Argyll Fisheries Trust’s chairperson Jane Wright said in her objection that there were currently no fish farms on Loch Long and this should remain the case so it acts as. a ‘control’ to measure other lochs, while the noise and light pollution would be ‘very noticeable’.

“We would like to see this technology proven elsewhere in an ‘aquaculture zone’ rather than trialled in a pristine area,” she said.

“Problems have been experienced with this system in Canada and a trial has been halted.

“The plans attached to the application show an industrial style of development which we fell is wholly inappropriate for an unspoilt section of coastline in a national park.”

And the Argyll District Salmon Fishery Board said: “It has potential to cause further decline in wild salmon and sea trout populations, which are currently not meeting government defined conservation limits.

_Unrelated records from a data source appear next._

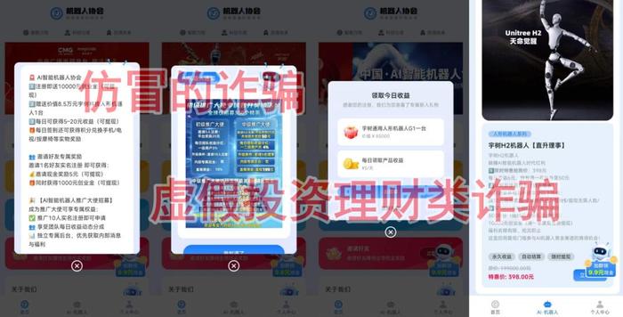 不法分子冒充“機器人協(xié)會”的名義,制作散布涉詐APP,聲稱參與者實名注冊即可領取一臺宇樹GI人性機器人,1萬元創(chuàng)業(yè)金,邀請他人參與,可領取創(chuàng)業(yè)金、現(xiàn)金紅包、動態(tài)收益等,同時虛構機器人理財項目。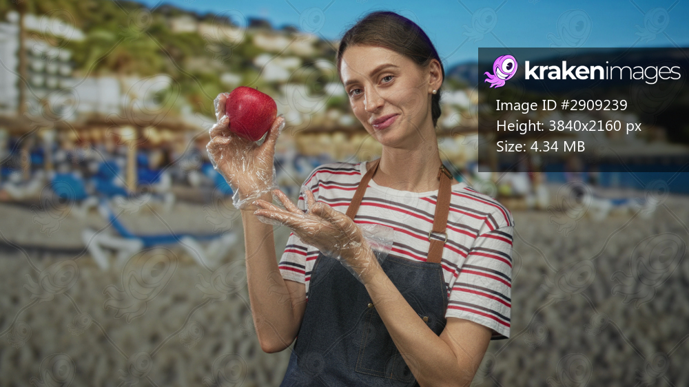 Woman holding red apple with gloved hands at beach in apron and striped shirt; fresh healthy snack friendly.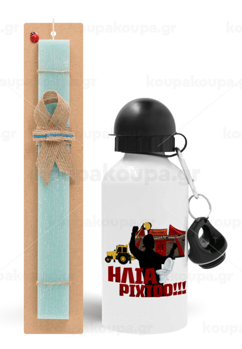 Ηλία ρίχτο!, Πασχαλινή Λαμπάδα με παγούρι μεταλλικό αλουμινίου (500ml) & λαμπάδα αρωματική πλακέ (30cm) (ΤΙΡΚΟΥΑΖ)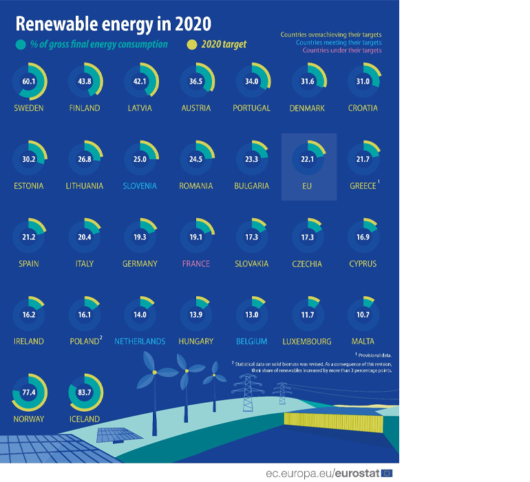 The Member States that significantly exceeded their 2020 targets were Sweden, Croatia (both +11 pp), and Bulgaria (+7 pp). With more than half of gross final energy consumption from renewable sources, Sweden (60%) had by far the highest share among the EU Member States in 2020, ahead of Finland (44%), and Latvia (42%) respectively.

“While the proposed use of new technology has the potential to mitigate some of the risks associated with net pen salmon farming, we argue that it is important that this technology is deployed and tested in an appropriate area where potential impacts on wild salmonids are better understood.

“This would allow any advantages arising from this new technology to be properly assessed.”

There have so far been 92 objections and five comments in support of the plan.

Details are available on the national park authority website – the reference number is 2021/0357/DET.